Alles, was Libellenlarven frisst, würde auch Garnelen fressen, daher sind Fressfeinde im Aquarium mit Zwerggarnelen gegen Kleinlibellenlarven keine Option. Kupferhaltige Präparate und ähnliche giftig wirkende Präparate sind nicht nur für Libellenlarven, sondern auch für die Garnelen im Aquarium schädlich - auch keine Option für ein Aquarium mit Wirbellosen. Absammeln ist auch bei Kleinlibellenlarven daher das Mittel der Wahl, es kann allerdings vor allem in gut bepflanzten Aquarien zu einem wahren Geduldsspiel werden.

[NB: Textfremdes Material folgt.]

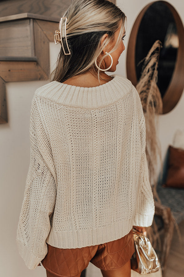 We have no doubt you will want to wear our timeless ivory hued 'Warms My Soul' sweater on repeat with its warm cable knit material, thick rounded neckline, long loose sleeves, and slouched silhouette that falls into a straight hemline!
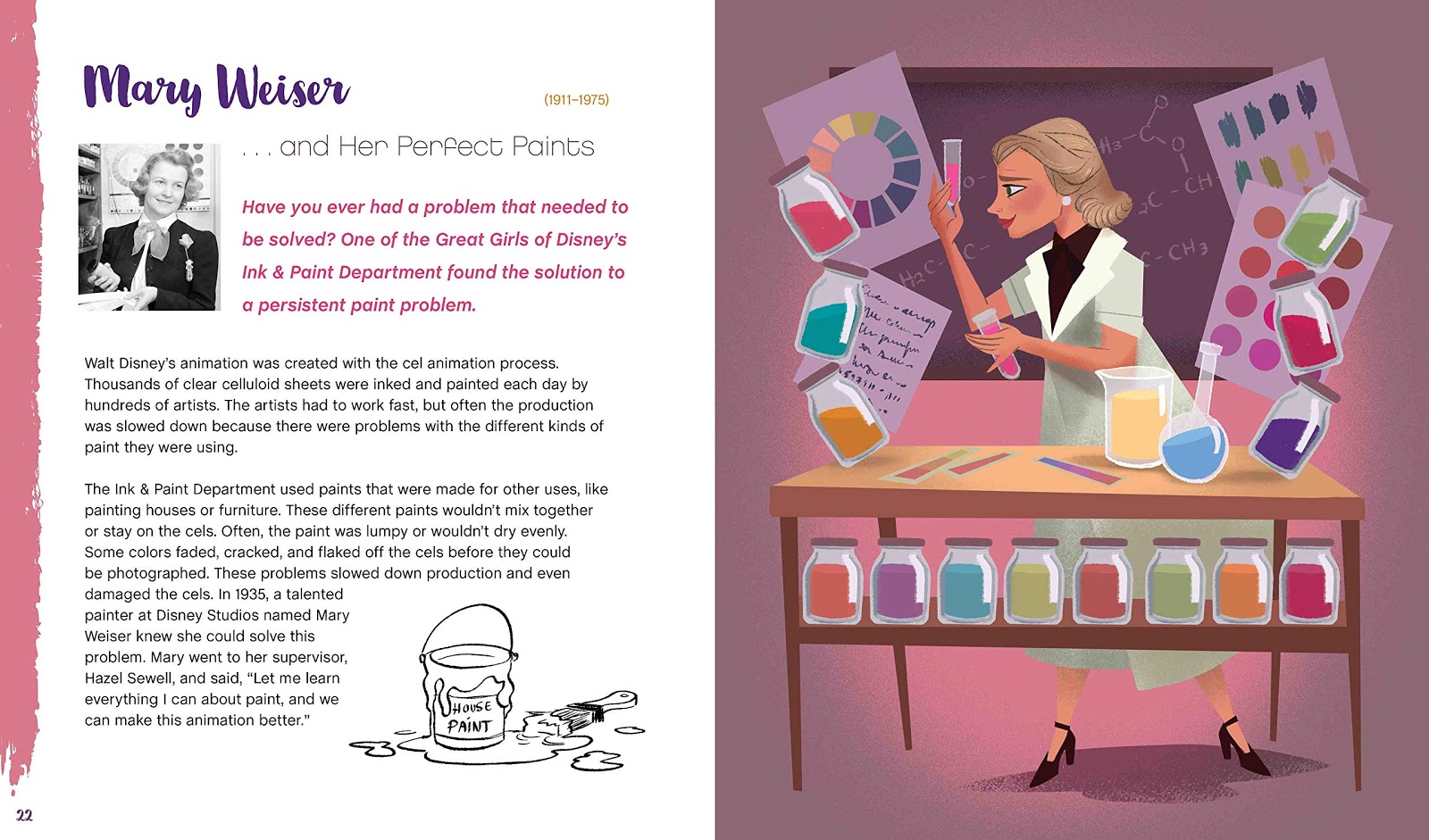 Splashy, vibrant, and full of whimsy, Pencils, Pens & Brushes is a history book of sorts designed for 8-12 year old readers. It shares the stories of 20 amazing women who contributed in a variety of ways to Disney’s movies. From drawing and painting to writing outlines for beautiful fairy tales, there were many women who played key roles in making the classic Disney films we love.

Einfacher wird diese Aufgabe, wenn man ausnutzt, dass Libellenlarven nachtaktiv sind. Leuchtet man bei Dunkelheit mit einer Taschenlampe ins Aquarium, kann man die Larven recht gut erkennen und sie vorsichtig abkeschern.

7.1 Libellenlarven aussetzen?

Alle heimischen Libellenarten sind streng geschützt. Stammen die Kleinlibellenlarven ganz sicher aus der Natur, kamen sie also mit Tümpelfutter oder Naturdeko ins Aquarium, solltet ihr sie wieder dorthin zurückbringen, woher sie ursprünglich kamen.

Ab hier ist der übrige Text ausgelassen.